## Work instruction
Leave the pictures out. Retype exactly the lines below from the one containing "Official Wooden Puzzle" through the one containing "Spor tarzda elbise", and no others.

## Entries shown

--- START ---

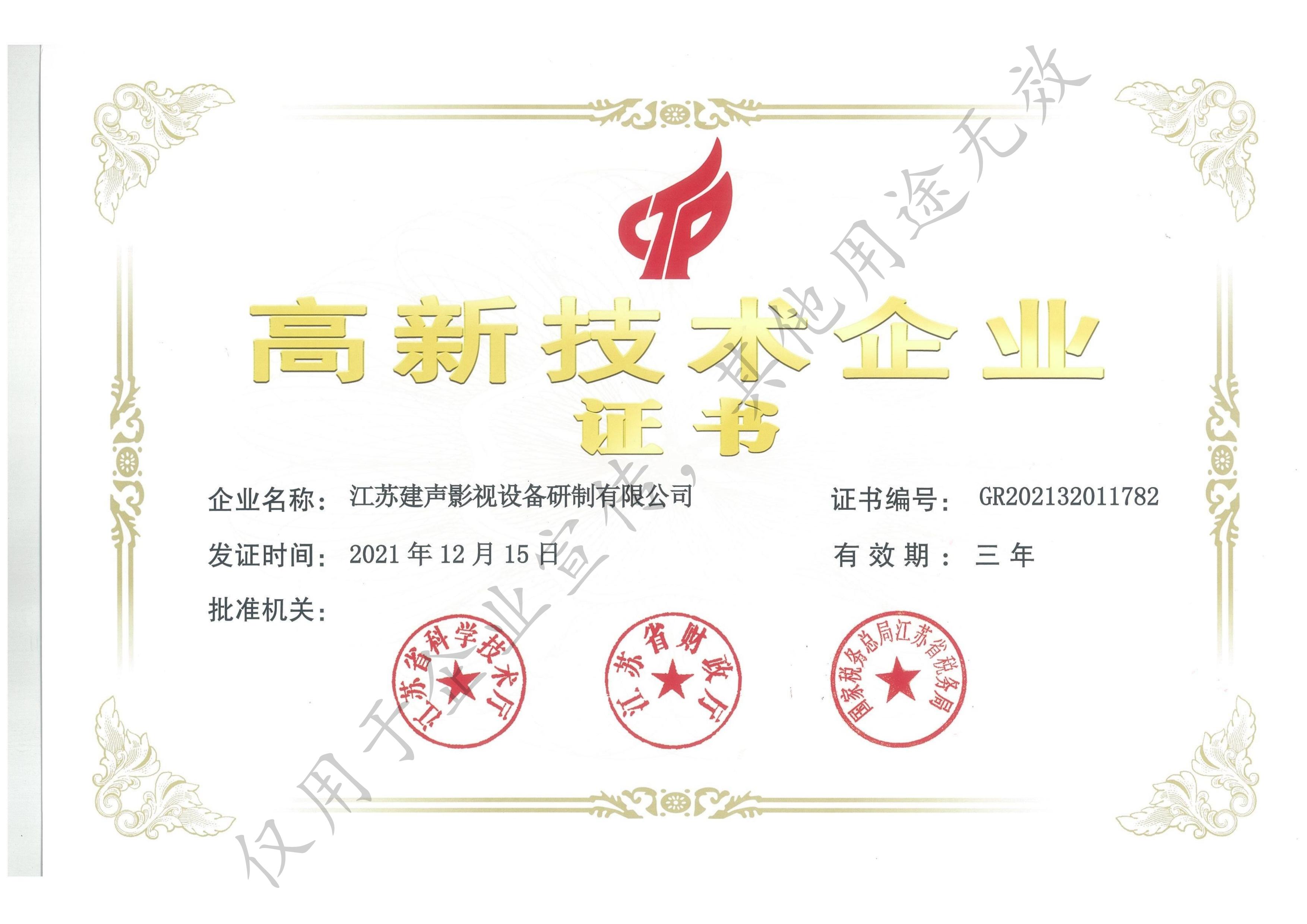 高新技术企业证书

--- END ---
--- START ---

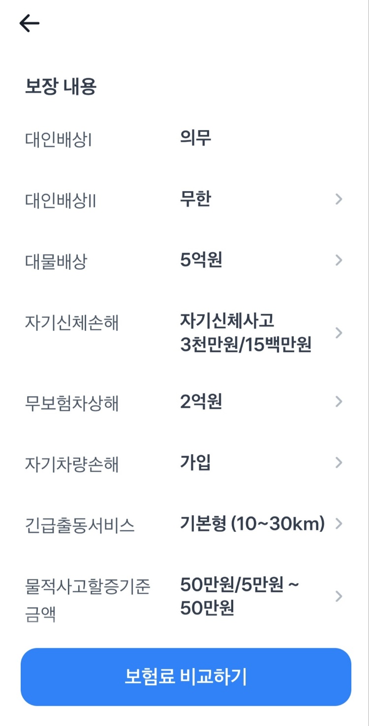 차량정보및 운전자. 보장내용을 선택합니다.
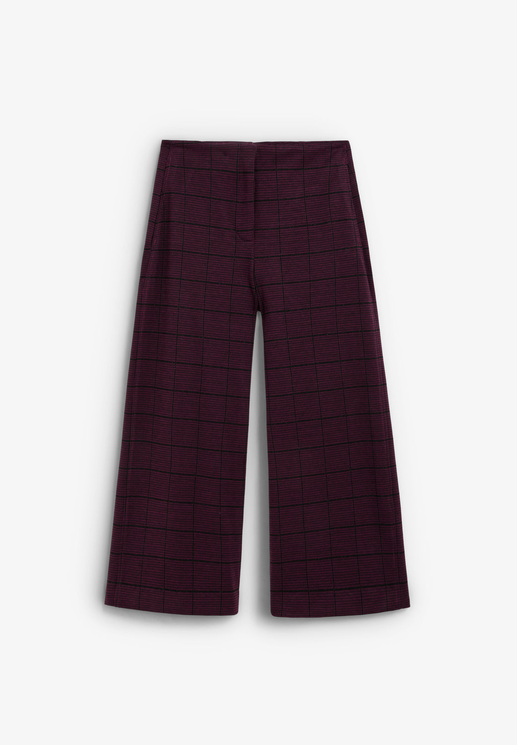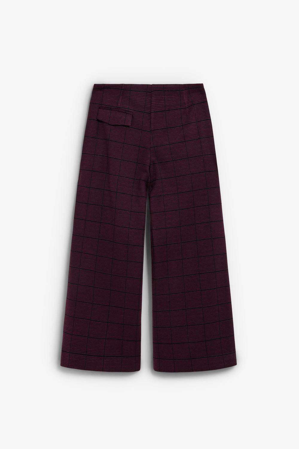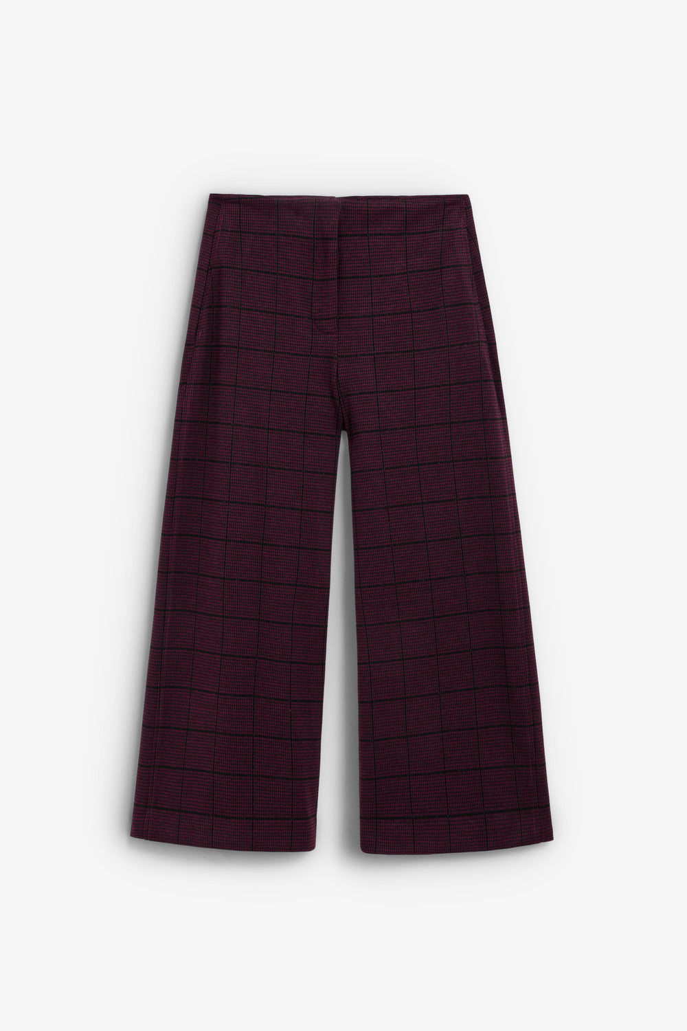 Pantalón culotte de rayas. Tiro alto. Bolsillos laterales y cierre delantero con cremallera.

--- END ---
--- START ---

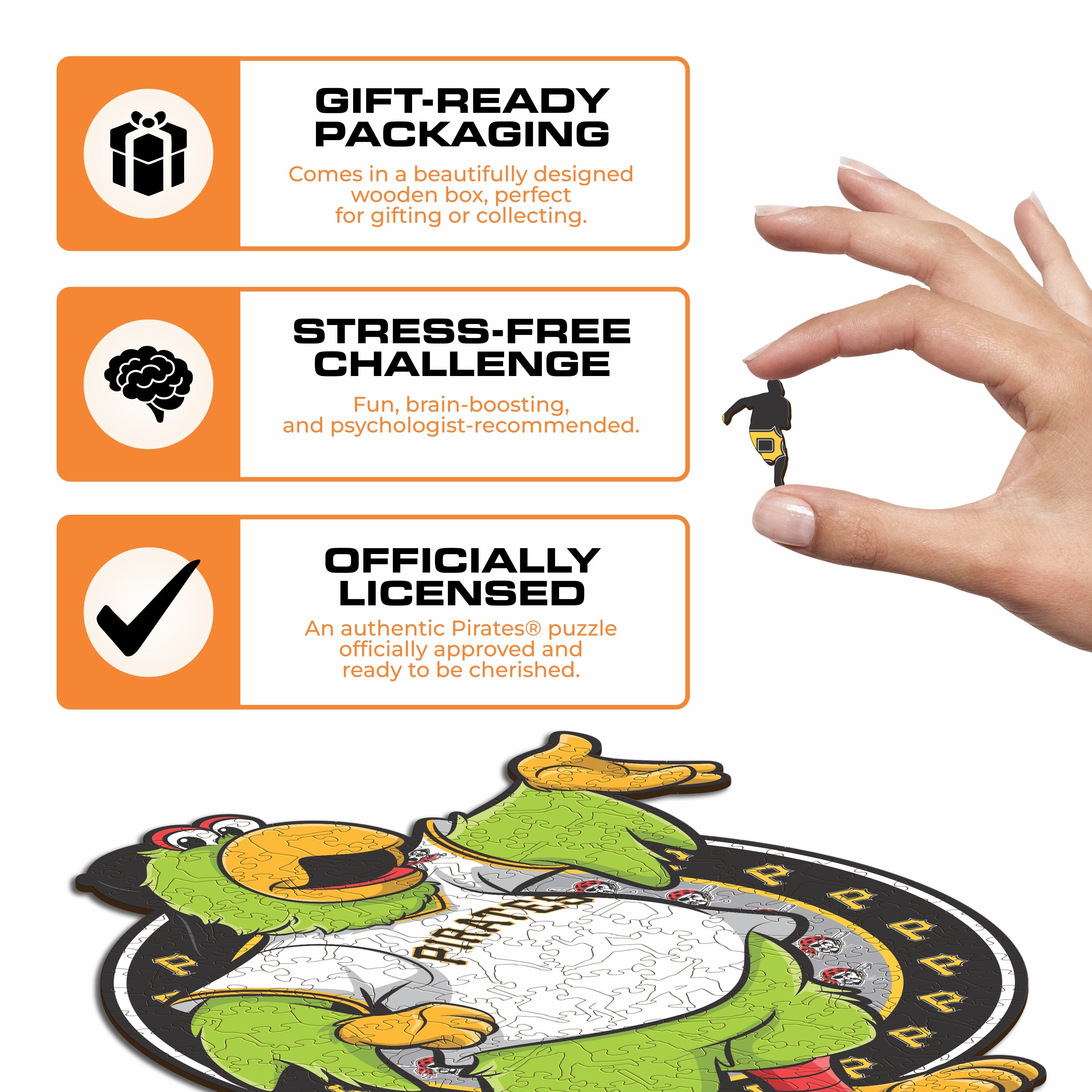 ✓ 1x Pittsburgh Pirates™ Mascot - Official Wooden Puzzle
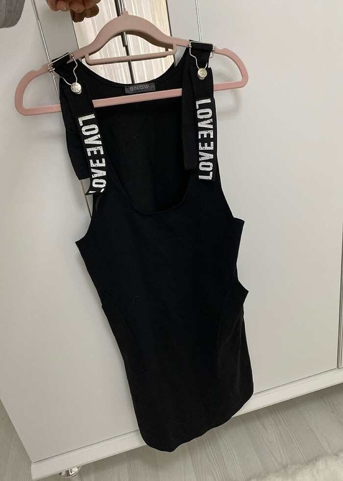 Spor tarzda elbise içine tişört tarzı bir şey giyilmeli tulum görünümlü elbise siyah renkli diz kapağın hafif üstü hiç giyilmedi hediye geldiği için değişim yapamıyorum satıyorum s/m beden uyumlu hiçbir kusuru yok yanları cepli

--- END ---

## Finished task
 ✓ 1x Pittsburgh Pirates™ Mascot - Official Wooden Puzzle
 Spor tarzda elbise içine tişört tarzı bir şey giyilmeli tulum görünümlü elbise siyah renkli diz kapağın hafif üstü hiç giyilmedi hediye geldiği için değişim yapamıyorum satıyorum s/m beden uyumlu hiçbir kusuru yok yanları cepli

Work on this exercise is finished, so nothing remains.